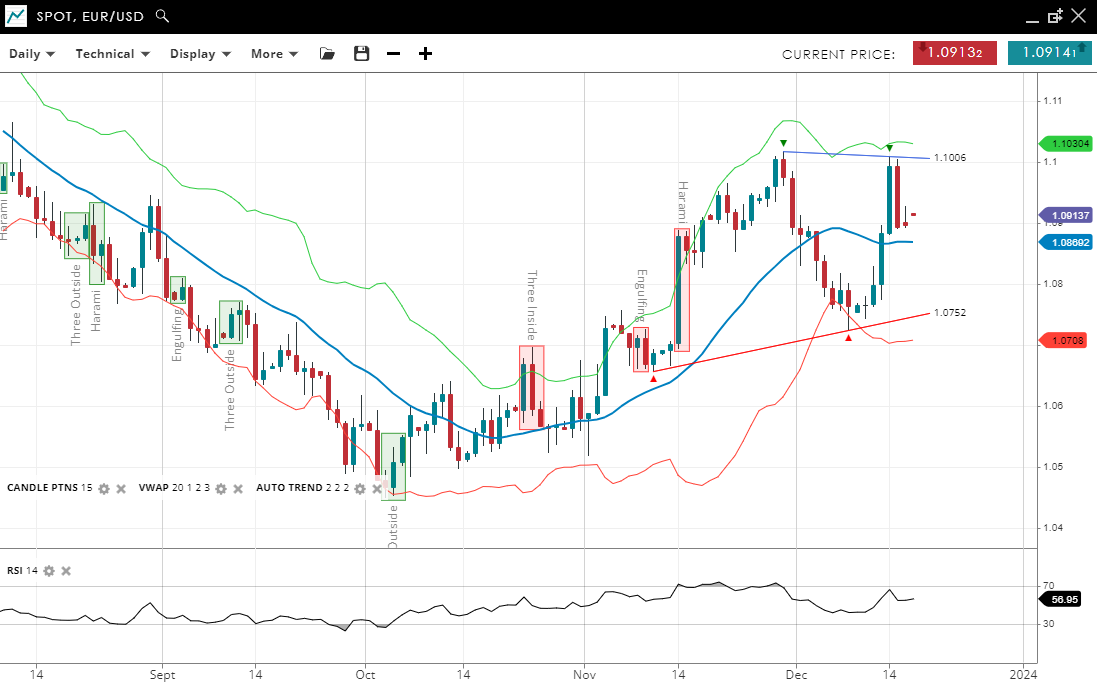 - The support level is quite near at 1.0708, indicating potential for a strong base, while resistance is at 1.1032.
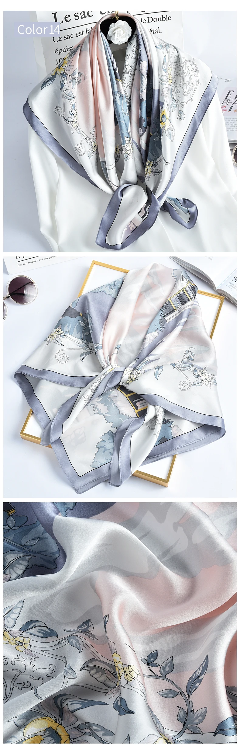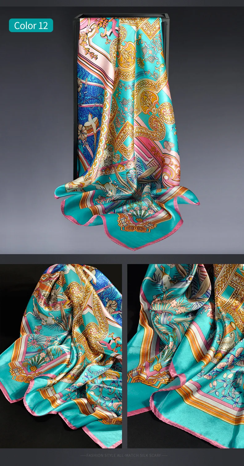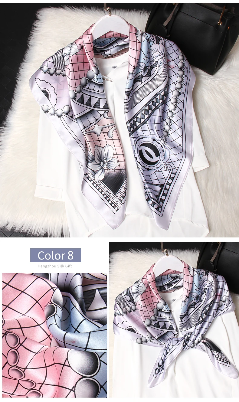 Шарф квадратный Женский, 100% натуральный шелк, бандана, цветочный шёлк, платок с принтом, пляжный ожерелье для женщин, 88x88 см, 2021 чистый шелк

* * *

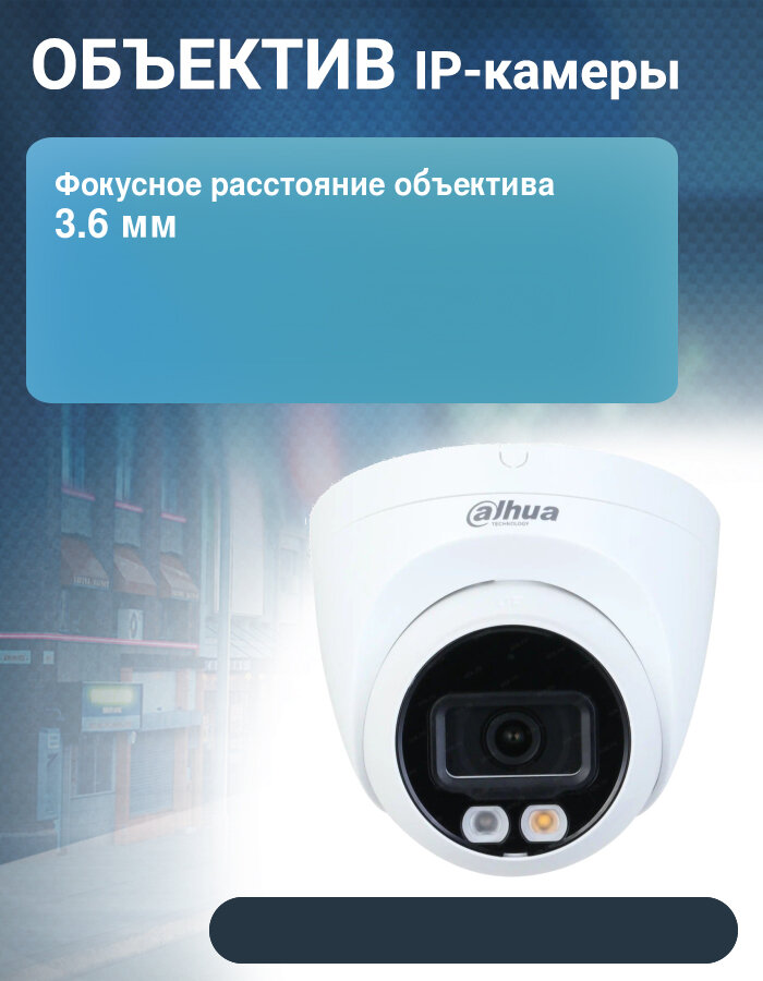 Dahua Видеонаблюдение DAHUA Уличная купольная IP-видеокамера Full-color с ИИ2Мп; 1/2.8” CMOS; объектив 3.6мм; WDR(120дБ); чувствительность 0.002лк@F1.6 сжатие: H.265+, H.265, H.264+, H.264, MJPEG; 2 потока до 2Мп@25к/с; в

==

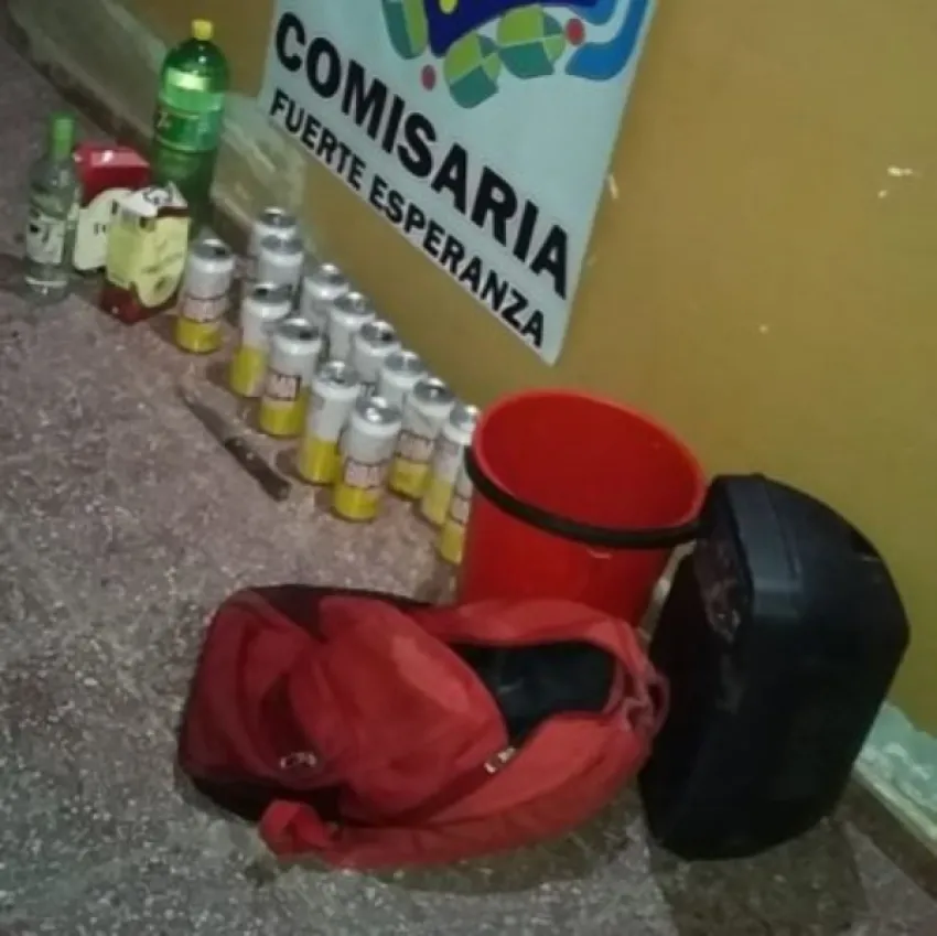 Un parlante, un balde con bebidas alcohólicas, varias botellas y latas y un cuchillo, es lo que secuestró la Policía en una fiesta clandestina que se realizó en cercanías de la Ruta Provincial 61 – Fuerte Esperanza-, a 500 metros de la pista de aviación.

> **What to do**
Write out exactly the lines above between the one with "- The support" and the one with "Шарф квадратный Женский, 100%", inclusive, with pictures left out.

> **Final answer**
 - The support level is quite near at 1.0708, indicating potential for a strong base, while resistance is at 1.1032.
 Шарф квадратный Женский, 100% натуральный шелк, бандана, цветочный шёлк, платок с принтом, пляжный ожерелье для женщин, 88x88 см, 2021 чистый шелк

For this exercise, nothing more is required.